Because you’ve got to have a big exhaust hole in an OCM, it’s presumably harder to keep it swirling in the proper pattern and at the proper pressure to protect the vessel than with a closed inner vessel.
After learning this, I next wondered how difficult it is to make a gas core reaction of any kind. The answer is pretty daunting – though it’s been studied for more than 50 years, nobody has built even a small, lower-power gas core test reactor.
Now, pretty smart technologists as far back as the 1960s seemed to think that not only could GCNRs be built, but be very low mass, high power, and flown in spacecraft. At first glance, this seems like unreasonable optimism, but a factor supporting such optimism is that much of the difficulty of juggling a core of 20000 C fissioning gas with swirling cold H2 and magnetic fields is lessened if the vessel is not experiencing much acceleration, as an Earthbound research reactor (which is, of course, under a constant 1 g of acceleration) would be. The rocket motors they had in mind produces very small accelerations, on the order of 0.01 g, and would be fired only in space, where their radioactive exhausts wouldn’t be a problem. In other words, it’s easier to operate a GCNRM in space than on Earth.
All this leads me to what I think are a couple of big problems with the whole Liberty ship idea:
Because it will be subject to varying accelerations of 0 to 3 or more gs, stabilizing the fissioning gas in the reactor will be very hard.
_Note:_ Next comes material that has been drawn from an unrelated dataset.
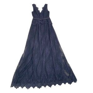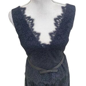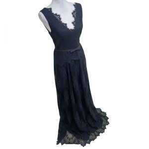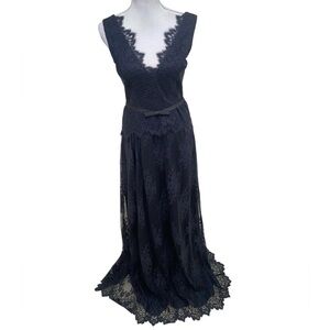 Erin by Erin Fetherston v neckline black lace fit and flare gown. Double lined. Back zipper. Peplum. Black tie at waist. Wore once. Like new.
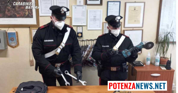 Nell’immediatezza, poco distante dal luogo del malfatto, veniva individuata e bloccata un’autovettura analoga a quella ripresa dal sistema di videosorveglianza nei pressi del negozio durante il tentativo di furto perpetrato poco prima, con a bordo due persone di Matera, già note ai militari operanti, le quali, sottoposte a perquisizione personale, estesa anche al veicolo in uso, venivano trovati in possesso di vari attrezzi e di una smerigliatrice a batteria, compatibili con i segni d’effrazione rilevati sui sistemi di blindatura della struttura del distributore automatico manomesso.

Because the glass inner vessel wall is thin (if you make it thick, it will be increasingly opaque to UV, defeating the main reason for it being glass), even a brief failure that allows the 20000 C gas to touch the 1650 C melting-point vessel will burn through it.
A very fast reacting feedback system might be able to meet this challenge, but it’s a scary, intrinsically unstable juggling act.
A nuclear lightbulb reactor emits a lot of gamma photons. One the same mass and size of a
NERVA 2 (which has actually been built and test run), will emit a gamma photon flux proportional to its power, about 10 times the NERVA 2. The 12000 kg NERVA 2, including a 240 kg shield, gave a total radiation dose of about 130 grays to its payload, 26 times the human fatal dose. Because they have minimal shielding, nuclear rocket motors also release an extraordinary number of neutrons, many in the low-velocity range prone to absorption by atomic nuclei, so they transmute their external materials into radioactive isotopes.
Extra shielding for sensitive or living payloads, and operating the rockets only in remote locations, such as ocean launch sites, as Anthony Tate’s
“Opening the Next Frontier” proposes, could address these issues, but describing these or other nuclear rocket motors as “clean” is, while in a ecological sense true, common sensically deceptive. In other words, I wouldn’t want one in my back yard. More seriously, I fear their high neutron fluxes limit the reusability of the proposed motors and entire vehicles – though, given their potential for tremendously economical payload launching, this is, IMHO, more of an aesthetic flaw than a practical one. A rocket that can orbit a million kg could be single use only, and still be a tremendous advance in spaceflight.
While I think “Opening the Next Frontier” is technically underweight, and understates the challenges of nuclear fission rocket motors, I strongly agree that it’s a shame there’s been so little study and actual prototyping of NFRMs since the early 1970s. While there’s not been a complete absence of research (eg: the
Pratt & Whitney TRITON solid core nuclear rocket motor), I agree Tate’s feeling that, had the level of engineering R&D effort of the 1950s-70s been sustained, nuclear rockets might currently exist, and have dramatically improved spaceflight technology.